DATA FOR REVIEW: Begin
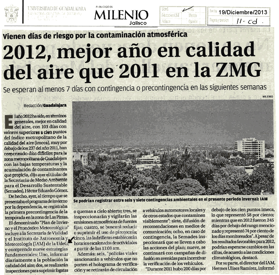 2012, mejor año en calidad del aire que 2011 en la ZMG
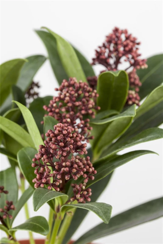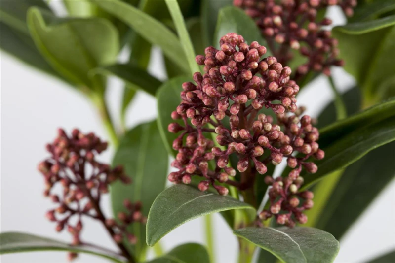 Skimmia japonica ‚Rubella‘ ist ein Flachwurzler.
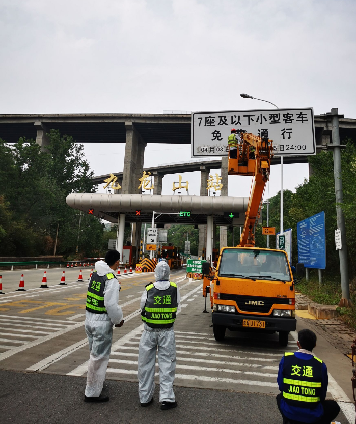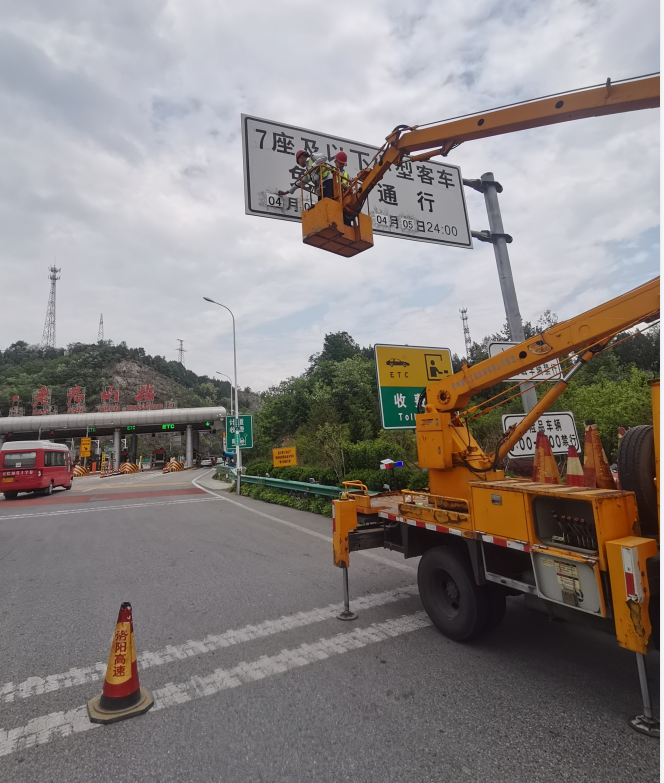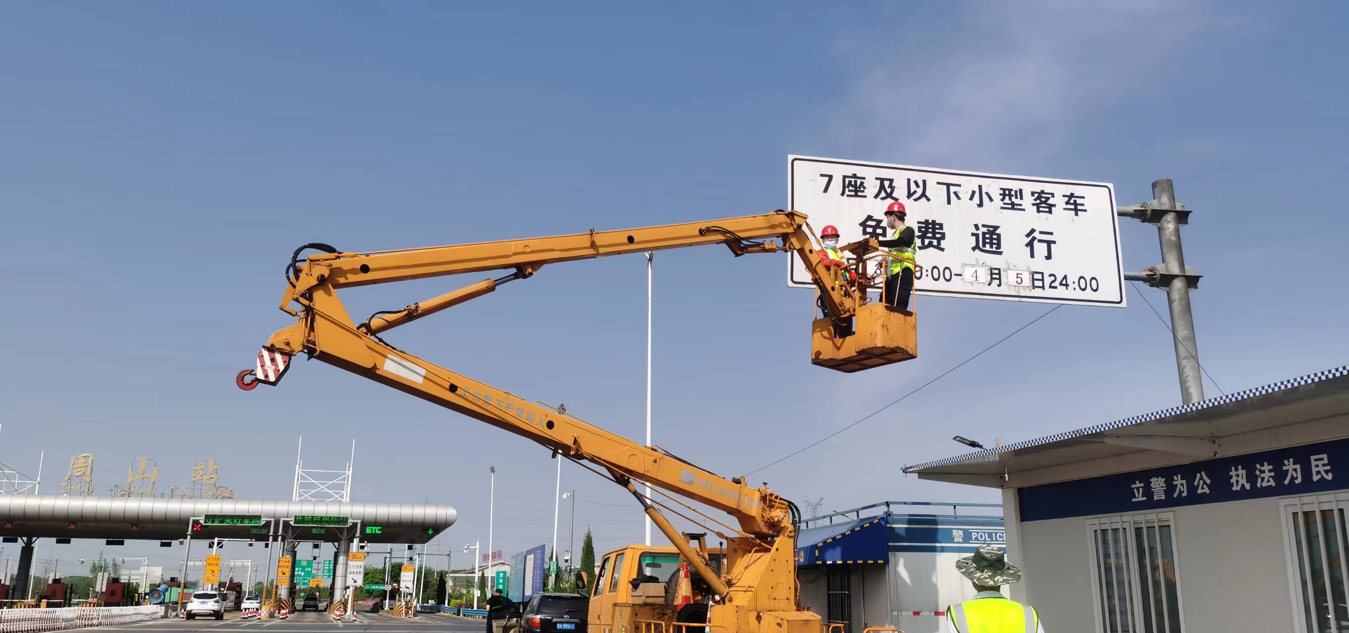 为切实做好五一期间高速公路免费通行保障工作,4月27日,机电运维大队使用登高车对辖区各收费站更换七座以下小型客车免费通行提示标志牌。提示免费通行时间,方便广大司乘人员免费出行。
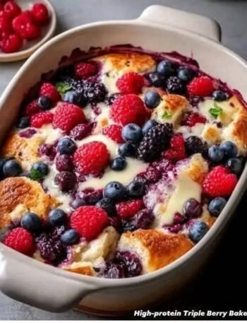 🍓 High-Protein Triple Berry Bake 🧾 Ingredients 1 cup strawberries, chopped 1 cup blueberries 1 cup raspberries 1 cup cottage …
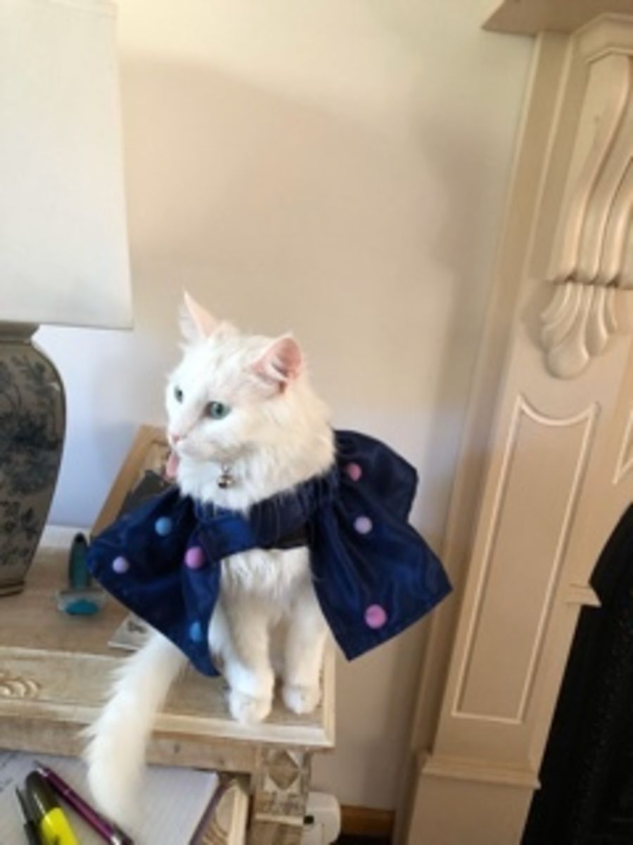 Bianca is a confident and smoochy cat who loves to strut around the house like she's in charge. She has the most gorgeous green eyes that will draw you in. The kids dressing her up for photos? That's all part of the fun for this mischievous girl!
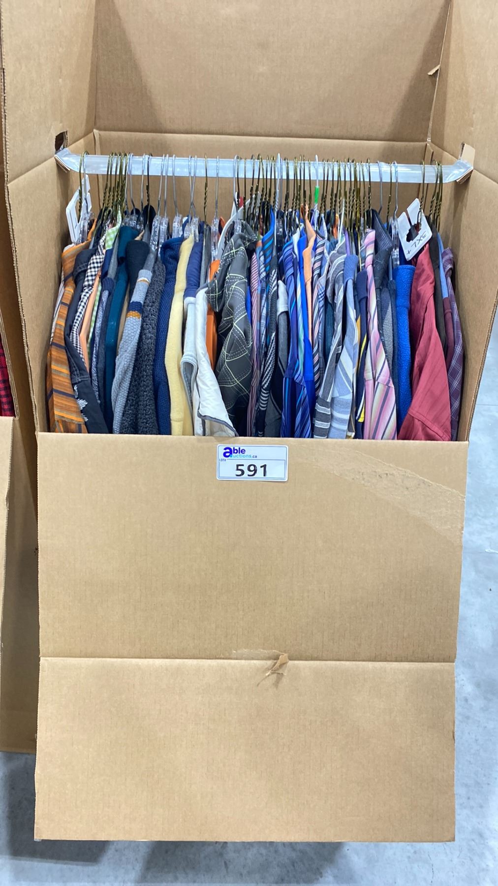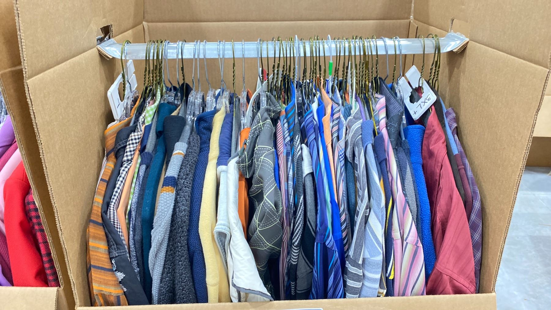 WARDROBE BOX OF ASSORTED CLOTHING (BOX AND ALL CONTENTS MUST BE TAKEN)
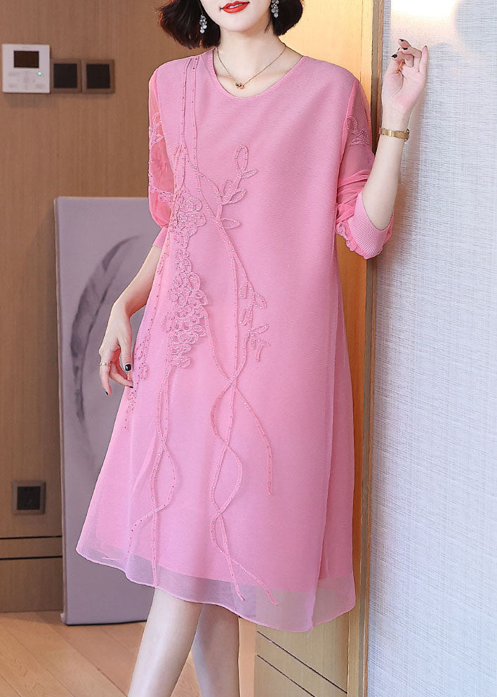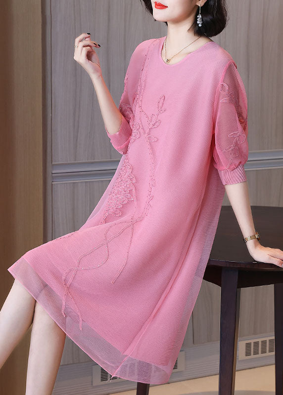 Vogue Green O-Neck Embroidered Holiday Tulle Mid Dress Fall
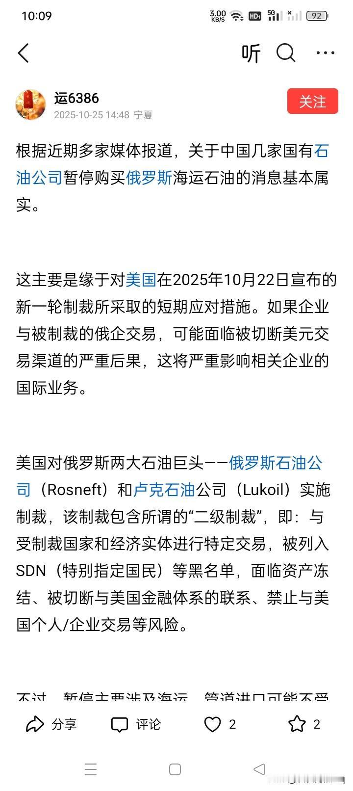 搅散了“战斧”,也将自己带进去了? 10月17日的那通电话,威力巨大,至今余音未消。 据网络上的消息说,美国制裁俄罗斯的两家最大、最主要的俄罗斯石油公司和卢克石油公司后,正在考虑进一步对俄罗斯的金融领域、能源运输行业实施制裁。 对俄罗斯最主要的两家石油公司的制裁,实际上不仅仅是这两家石油,而且似乎还包括这两家公司的几十个、甚至是上百个的子公司和企业,以及购买这两家石油公司原油的所有的外国公司、工厂、企业。 有消息说,东方某大国的国有石油公司开始准备停止、或停止购买俄罗斯两家最大石油公司石油的消息,基本上是真实可靠。 真的是应了那句:鱼与熊掌不可兼得。
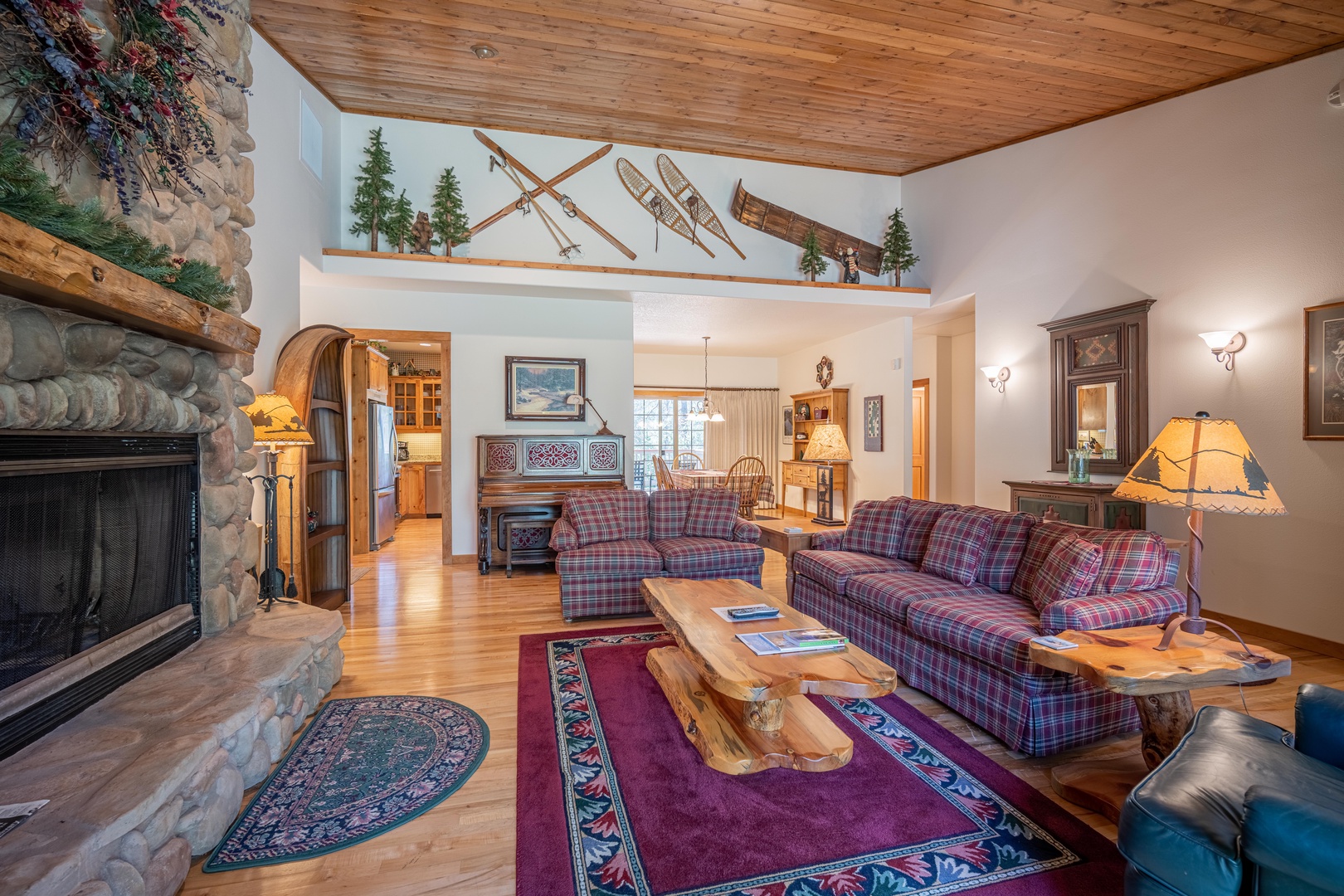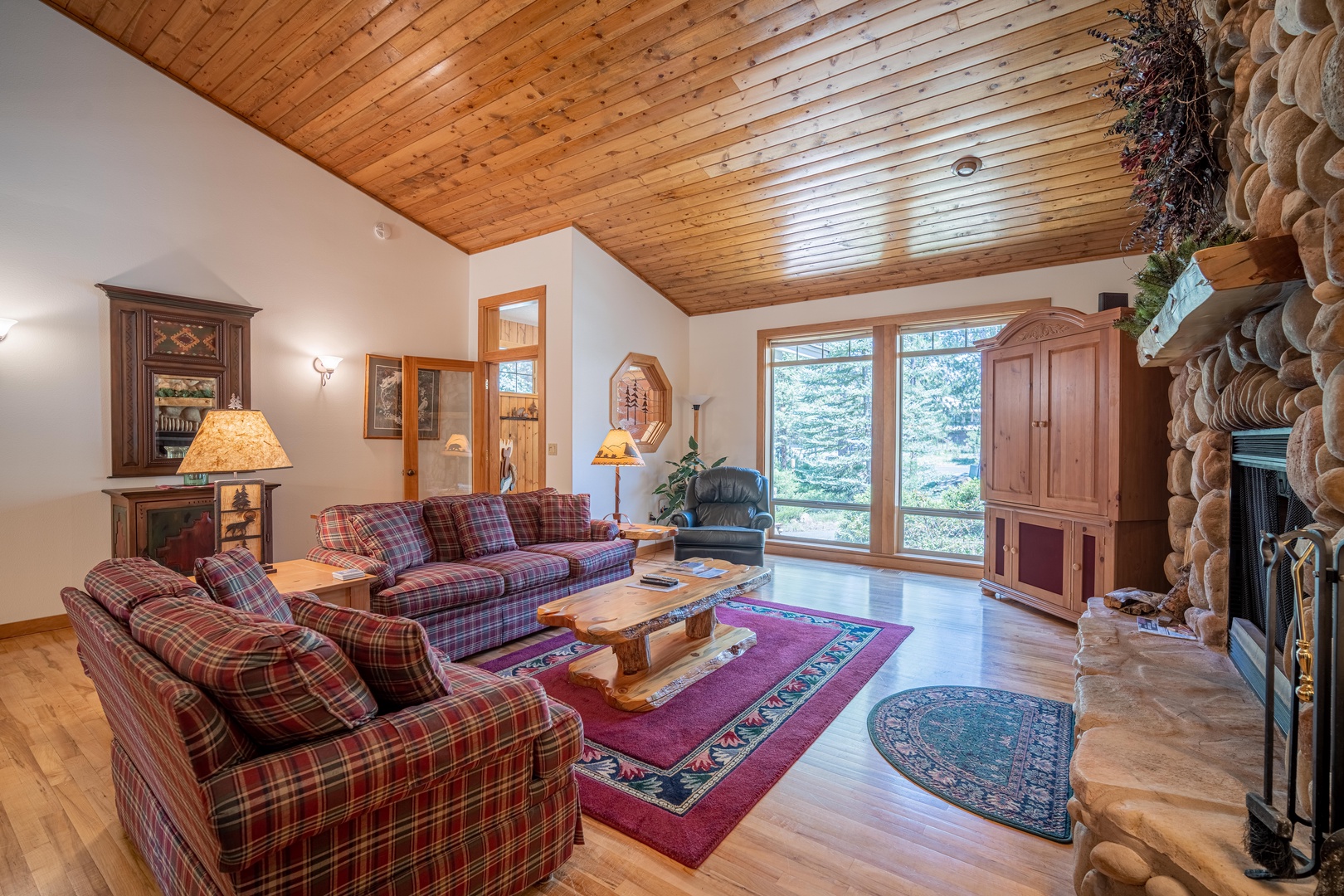 • Spacious living room décor is warm and comfortable featuring a large wood-burning fireplace & flat screen TV with DVD/Blue-Ray
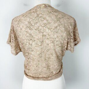 Y2K Brown Lace Cropped Top Sheer Mesh Fairy Romantic Size Large Women's
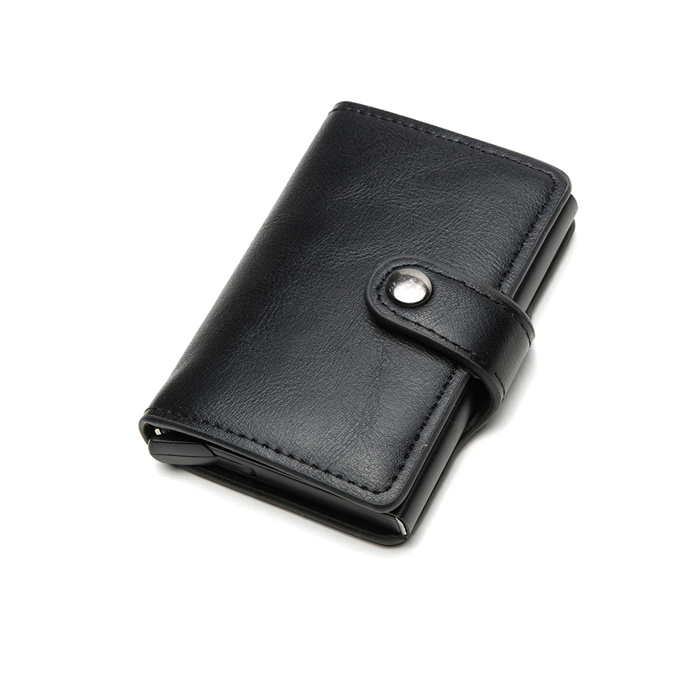 Солидный практичный держатель для банковских карт Bakara с покрытием из экокожи книжного типа и возможностью закрывать, а также функцией RFID, чтобы защитить карты он несанкционированного копирования. Имеет нижнюю кнопку для быстрого извлечения карт. Может вместить 6 карт, информация носит справочный характер, поскольку количество вмещаемых карт зависит от их толщины.
DATA FOR REVIEW: End
HOW TO COMPLETE THIS TASK – In the answer, give only the lines from the one containing "Vogue Green O-Neck" through the end of the records above, each reproduced exactly. Include no pictures.

REPLY –
 Vogue Green O-Neck Embroidered Holiday Tulle Mid Dress Fall
 搅散了“战斧”,也将自己带进去了? 10月17日的那通电话,威力巨大,至今余音未消。 据网络上的消息说,美国制裁俄罗斯的两家最大、最主要的俄罗斯石油公司和卢克石油公司后,正在考虑进一步对俄罗斯的金融领域、能源运输行业实施制裁。 对俄罗斯最主要的两家石油公司的制裁,实际上不仅仅是这两家石油,而且似乎还包括这两家公司的几十个、甚至是上百个的子公司和企业,以及购买这两家石油公司原油的所有的外国公司、工厂、企业。 有消息说,东方某大国的国有石油公司开始准备停止、或停止购买俄罗斯两家最大石油公司石油的消息,基本上是真实可靠。 真的是应了那句:鱼与熊掌不可兼得。
 • Spacious living room décor is warm and comfortable featuring a large wood-burning fireplace & flat screen TV with DVD/Blue-Ray
 Y2K Brown Lace Cropped Top Sheer Mesh Fairy Romantic Size Large Women's
 Солидный практичный держатель для банковских карт Bakara с покрытием из экокожи книжного типа и возможностью закрывать, а также функцией RFID, чтобы защитить карты он несанкционированного копирования. Имеет нижнюю кнопку для быстрого извлечения карт. Может вместить 6 карт, информация носит справочный характер, поскольку количество вмещаемых карт зависит от их толщины.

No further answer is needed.